PROBLEM STATEMENT:
Every line below from the one with "微信掃描小程序二維碼閱讀后,點擊頁面右上" through the one with "Up To 90% Off" is to be repeated exactly, with no picture among them.

SOURCE MATERIAL:
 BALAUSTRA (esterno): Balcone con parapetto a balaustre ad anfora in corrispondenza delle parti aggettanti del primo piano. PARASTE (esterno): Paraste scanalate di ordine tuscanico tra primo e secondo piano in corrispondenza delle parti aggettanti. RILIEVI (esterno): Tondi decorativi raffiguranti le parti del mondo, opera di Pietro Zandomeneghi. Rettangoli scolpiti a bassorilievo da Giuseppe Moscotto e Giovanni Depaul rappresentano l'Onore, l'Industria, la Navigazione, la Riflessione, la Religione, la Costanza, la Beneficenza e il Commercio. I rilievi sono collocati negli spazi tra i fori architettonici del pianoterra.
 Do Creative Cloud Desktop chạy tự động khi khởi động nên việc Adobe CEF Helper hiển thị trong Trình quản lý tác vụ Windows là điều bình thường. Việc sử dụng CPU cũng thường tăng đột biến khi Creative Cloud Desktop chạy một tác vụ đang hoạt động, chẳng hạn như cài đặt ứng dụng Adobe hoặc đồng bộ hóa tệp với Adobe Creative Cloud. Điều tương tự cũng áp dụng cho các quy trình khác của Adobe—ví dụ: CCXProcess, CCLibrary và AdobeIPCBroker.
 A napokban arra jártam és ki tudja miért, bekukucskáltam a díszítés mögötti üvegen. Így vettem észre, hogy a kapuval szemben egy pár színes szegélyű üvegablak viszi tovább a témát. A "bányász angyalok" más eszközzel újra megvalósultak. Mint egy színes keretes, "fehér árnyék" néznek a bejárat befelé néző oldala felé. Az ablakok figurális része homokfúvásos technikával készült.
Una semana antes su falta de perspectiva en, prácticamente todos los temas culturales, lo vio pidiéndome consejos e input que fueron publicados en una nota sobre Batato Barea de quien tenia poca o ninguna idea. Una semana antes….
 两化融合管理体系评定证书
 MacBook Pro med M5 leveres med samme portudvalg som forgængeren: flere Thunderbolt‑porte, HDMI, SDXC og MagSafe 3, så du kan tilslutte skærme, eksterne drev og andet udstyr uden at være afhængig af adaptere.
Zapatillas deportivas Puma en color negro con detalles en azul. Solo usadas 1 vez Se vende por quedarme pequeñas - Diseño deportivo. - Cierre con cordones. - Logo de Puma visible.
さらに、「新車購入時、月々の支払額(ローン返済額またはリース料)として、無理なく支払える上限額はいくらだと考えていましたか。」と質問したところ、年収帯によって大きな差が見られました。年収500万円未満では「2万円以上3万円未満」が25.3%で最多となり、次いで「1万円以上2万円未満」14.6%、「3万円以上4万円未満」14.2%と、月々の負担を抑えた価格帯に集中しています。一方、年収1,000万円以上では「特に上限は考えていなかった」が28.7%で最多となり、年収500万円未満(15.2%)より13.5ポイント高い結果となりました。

---

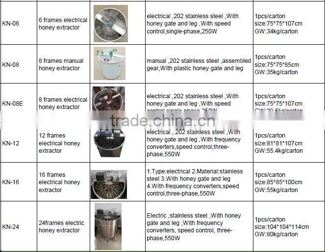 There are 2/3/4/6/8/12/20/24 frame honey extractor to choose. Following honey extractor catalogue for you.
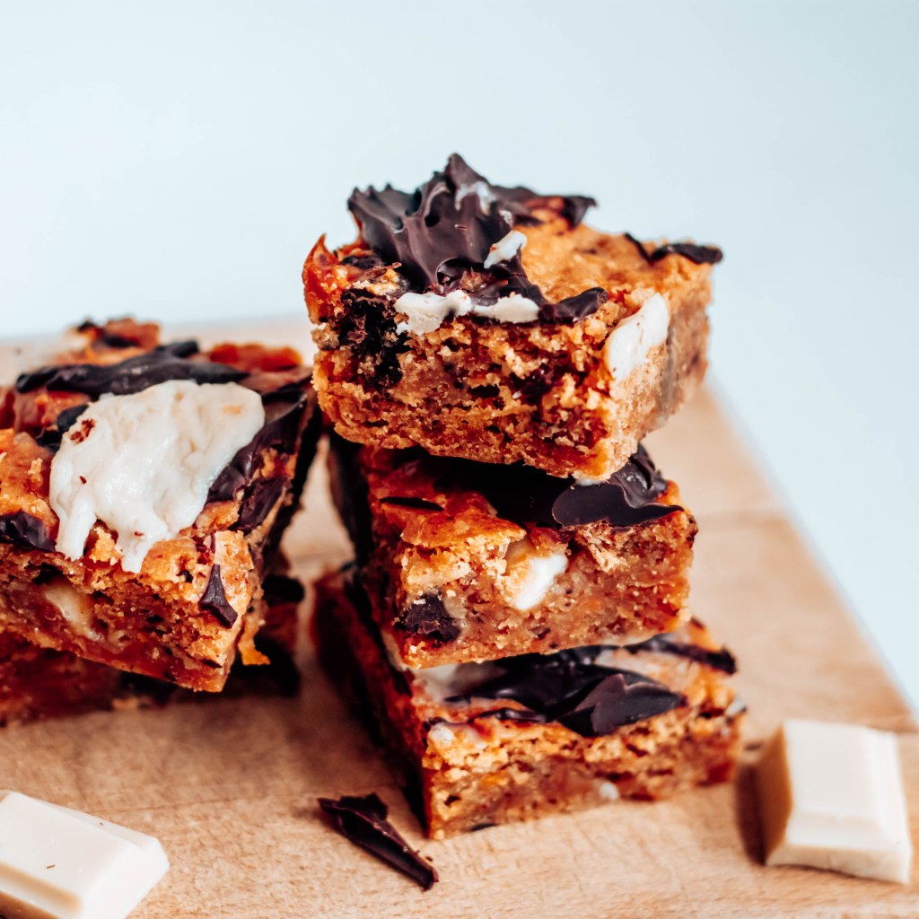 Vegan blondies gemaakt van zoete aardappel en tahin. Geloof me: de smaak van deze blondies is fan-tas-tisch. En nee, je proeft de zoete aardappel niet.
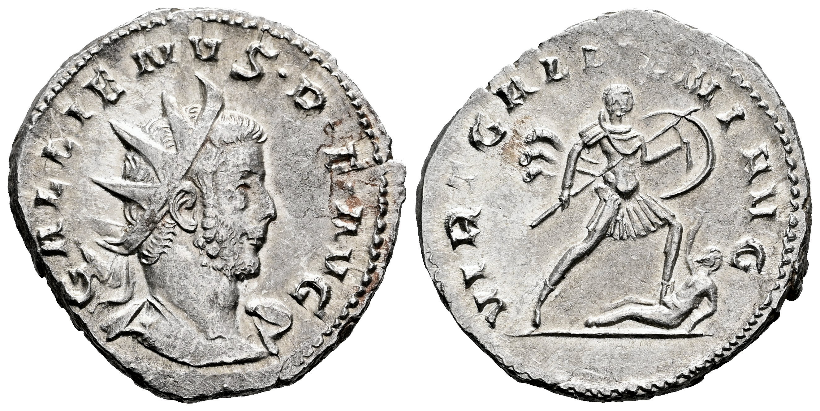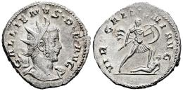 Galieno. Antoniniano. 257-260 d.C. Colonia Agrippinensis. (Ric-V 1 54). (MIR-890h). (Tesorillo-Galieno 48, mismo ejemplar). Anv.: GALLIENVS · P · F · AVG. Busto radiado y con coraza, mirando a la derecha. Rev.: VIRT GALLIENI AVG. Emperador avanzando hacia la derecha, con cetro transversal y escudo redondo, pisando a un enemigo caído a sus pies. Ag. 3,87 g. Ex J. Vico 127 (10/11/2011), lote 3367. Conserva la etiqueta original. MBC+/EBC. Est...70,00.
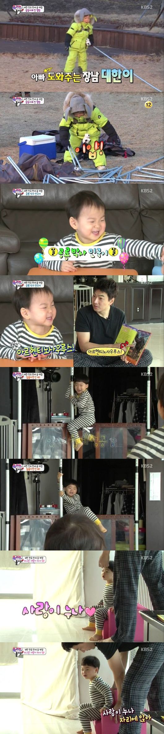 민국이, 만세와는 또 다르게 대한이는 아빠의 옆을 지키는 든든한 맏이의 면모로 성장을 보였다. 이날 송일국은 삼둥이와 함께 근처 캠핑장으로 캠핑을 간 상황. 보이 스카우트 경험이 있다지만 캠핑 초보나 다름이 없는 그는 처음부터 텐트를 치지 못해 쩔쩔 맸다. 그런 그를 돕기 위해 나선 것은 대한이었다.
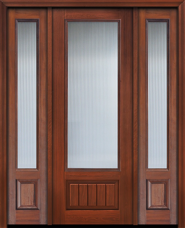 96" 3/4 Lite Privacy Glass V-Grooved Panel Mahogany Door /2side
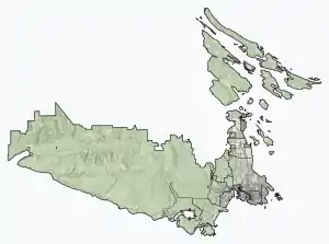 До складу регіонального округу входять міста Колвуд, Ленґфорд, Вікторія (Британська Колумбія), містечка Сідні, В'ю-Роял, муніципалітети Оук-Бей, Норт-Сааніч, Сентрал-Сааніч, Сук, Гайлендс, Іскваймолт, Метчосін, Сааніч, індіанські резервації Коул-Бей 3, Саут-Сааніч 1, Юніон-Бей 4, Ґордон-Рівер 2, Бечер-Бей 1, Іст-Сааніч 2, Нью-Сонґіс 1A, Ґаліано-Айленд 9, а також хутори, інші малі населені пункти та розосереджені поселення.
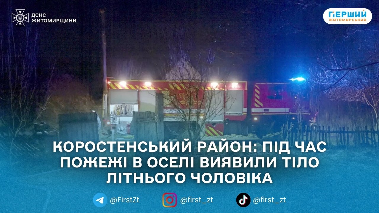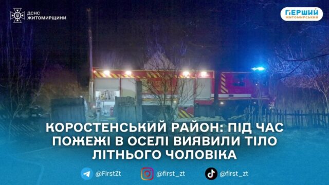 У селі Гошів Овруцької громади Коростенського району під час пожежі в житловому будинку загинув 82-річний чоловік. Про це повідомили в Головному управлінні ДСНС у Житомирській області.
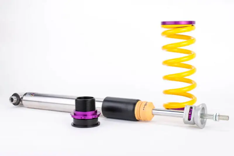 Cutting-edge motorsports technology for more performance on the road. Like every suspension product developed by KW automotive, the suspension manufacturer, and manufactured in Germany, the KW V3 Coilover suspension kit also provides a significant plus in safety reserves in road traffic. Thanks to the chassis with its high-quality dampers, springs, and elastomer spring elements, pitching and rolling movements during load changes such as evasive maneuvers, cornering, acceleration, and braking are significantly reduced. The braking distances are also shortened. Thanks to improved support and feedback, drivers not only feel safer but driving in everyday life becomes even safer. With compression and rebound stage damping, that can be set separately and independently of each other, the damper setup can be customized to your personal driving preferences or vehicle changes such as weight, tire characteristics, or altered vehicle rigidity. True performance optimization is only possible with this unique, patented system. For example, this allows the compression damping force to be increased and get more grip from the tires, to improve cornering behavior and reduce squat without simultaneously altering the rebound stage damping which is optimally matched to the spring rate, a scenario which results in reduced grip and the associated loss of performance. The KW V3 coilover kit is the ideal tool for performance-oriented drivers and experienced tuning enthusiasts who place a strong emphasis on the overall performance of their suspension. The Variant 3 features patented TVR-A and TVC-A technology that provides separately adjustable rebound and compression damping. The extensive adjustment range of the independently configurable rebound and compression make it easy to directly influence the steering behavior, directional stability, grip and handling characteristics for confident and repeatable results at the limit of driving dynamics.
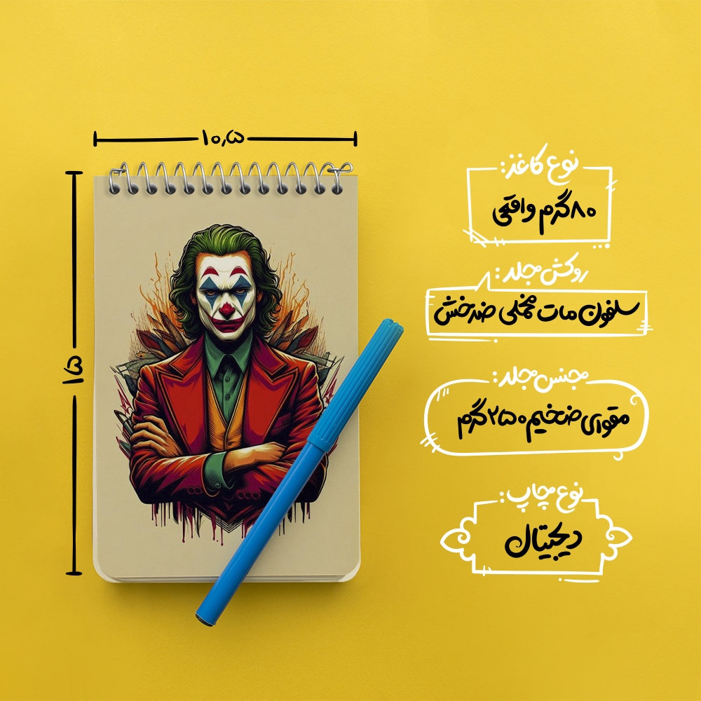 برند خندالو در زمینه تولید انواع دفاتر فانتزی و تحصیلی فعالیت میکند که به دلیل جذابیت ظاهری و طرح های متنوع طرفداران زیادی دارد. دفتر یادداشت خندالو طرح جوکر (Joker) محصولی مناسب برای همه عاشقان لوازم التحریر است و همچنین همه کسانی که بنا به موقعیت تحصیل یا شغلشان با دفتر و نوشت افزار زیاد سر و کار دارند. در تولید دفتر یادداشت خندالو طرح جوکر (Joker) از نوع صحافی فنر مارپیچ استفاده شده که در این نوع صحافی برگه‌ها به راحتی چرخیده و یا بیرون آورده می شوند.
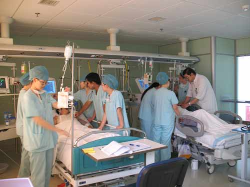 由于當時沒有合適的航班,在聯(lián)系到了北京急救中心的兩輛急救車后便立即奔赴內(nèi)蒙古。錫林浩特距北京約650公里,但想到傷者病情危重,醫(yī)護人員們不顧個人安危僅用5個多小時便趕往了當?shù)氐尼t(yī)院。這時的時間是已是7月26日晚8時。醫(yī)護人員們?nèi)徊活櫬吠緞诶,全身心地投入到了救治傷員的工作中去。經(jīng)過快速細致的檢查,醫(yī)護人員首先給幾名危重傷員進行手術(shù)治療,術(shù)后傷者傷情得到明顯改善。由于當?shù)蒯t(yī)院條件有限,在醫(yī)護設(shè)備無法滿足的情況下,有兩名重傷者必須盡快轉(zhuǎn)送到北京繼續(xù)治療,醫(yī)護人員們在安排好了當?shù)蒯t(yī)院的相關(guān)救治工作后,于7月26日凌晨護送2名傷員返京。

--

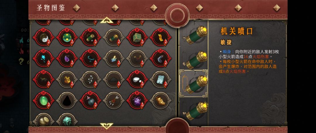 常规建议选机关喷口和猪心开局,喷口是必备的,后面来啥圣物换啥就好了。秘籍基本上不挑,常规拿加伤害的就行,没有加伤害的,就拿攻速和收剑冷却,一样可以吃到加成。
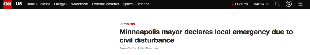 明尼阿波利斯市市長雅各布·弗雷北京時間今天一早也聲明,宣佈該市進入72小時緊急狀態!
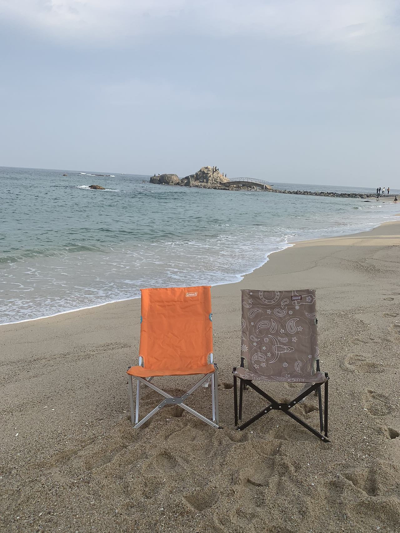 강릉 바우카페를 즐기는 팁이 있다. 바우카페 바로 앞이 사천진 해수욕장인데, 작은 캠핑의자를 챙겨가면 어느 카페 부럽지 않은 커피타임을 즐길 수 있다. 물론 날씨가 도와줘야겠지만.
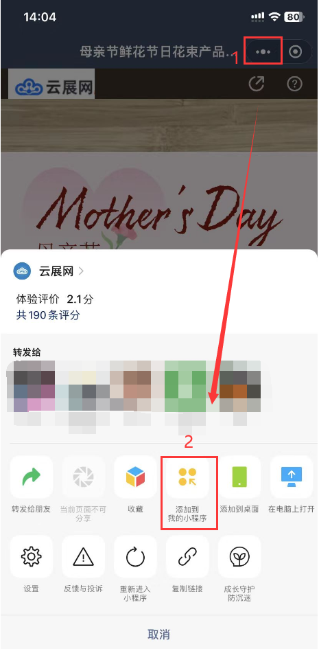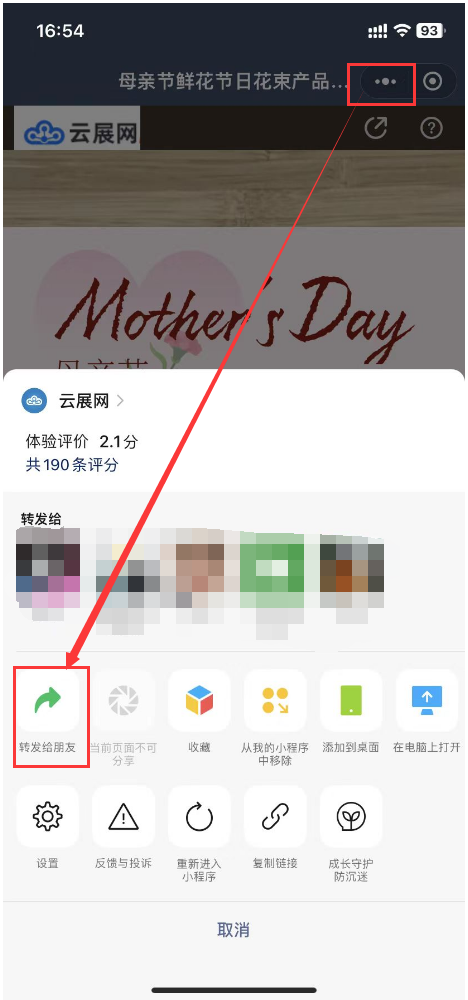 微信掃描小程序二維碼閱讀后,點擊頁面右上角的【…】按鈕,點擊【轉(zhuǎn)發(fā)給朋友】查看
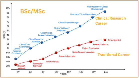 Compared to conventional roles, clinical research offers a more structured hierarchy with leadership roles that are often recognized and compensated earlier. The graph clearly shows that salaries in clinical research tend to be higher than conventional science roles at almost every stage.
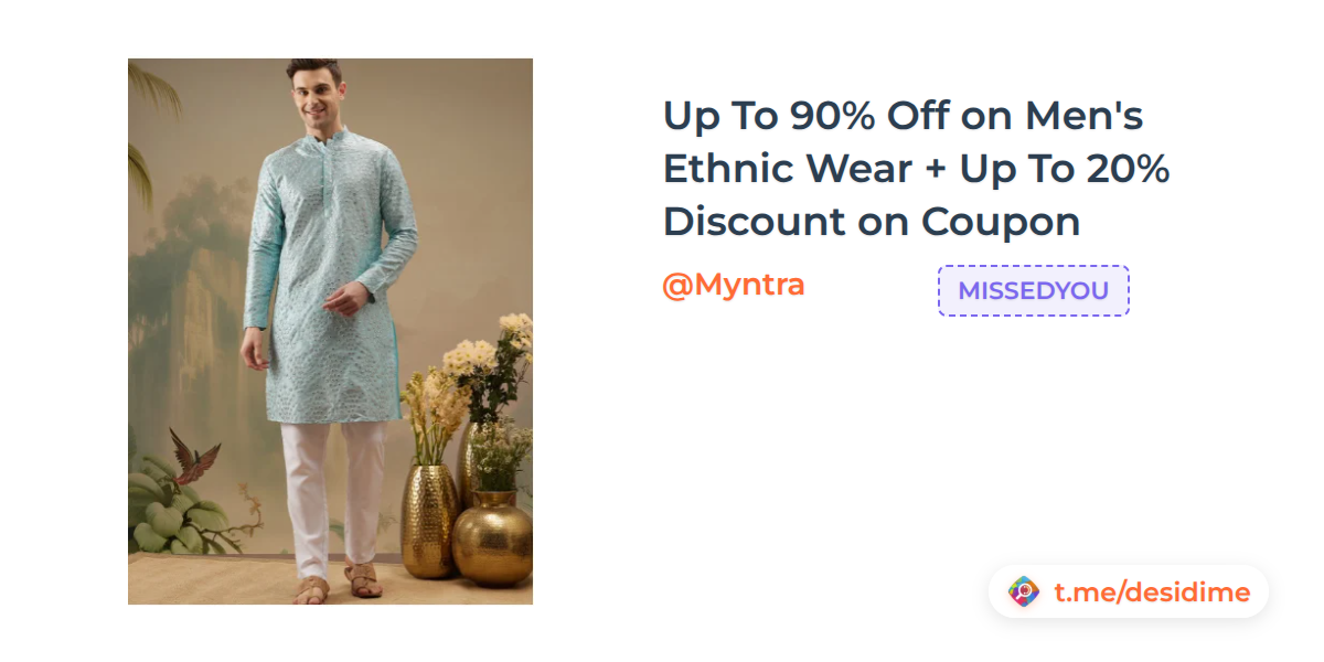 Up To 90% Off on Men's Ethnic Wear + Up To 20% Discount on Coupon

SOLUTION:
 微信掃描小程序二維碼閱讀后,點擊頁面右上角的【…】按鈕,點擊【轉(zhuǎn)發(fā)給朋友】查看
 Compared to conventional roles, clinical research offers a more structured hierarchy with leadership roles that are often recognized and compensated earlier. The graph clearly shows that salaries in clinical research tend to be higher than conventional science roles at almost every stage.
 Up To 90% Off on Men's Ethnic Wear + Up To 20% Discount on Coupon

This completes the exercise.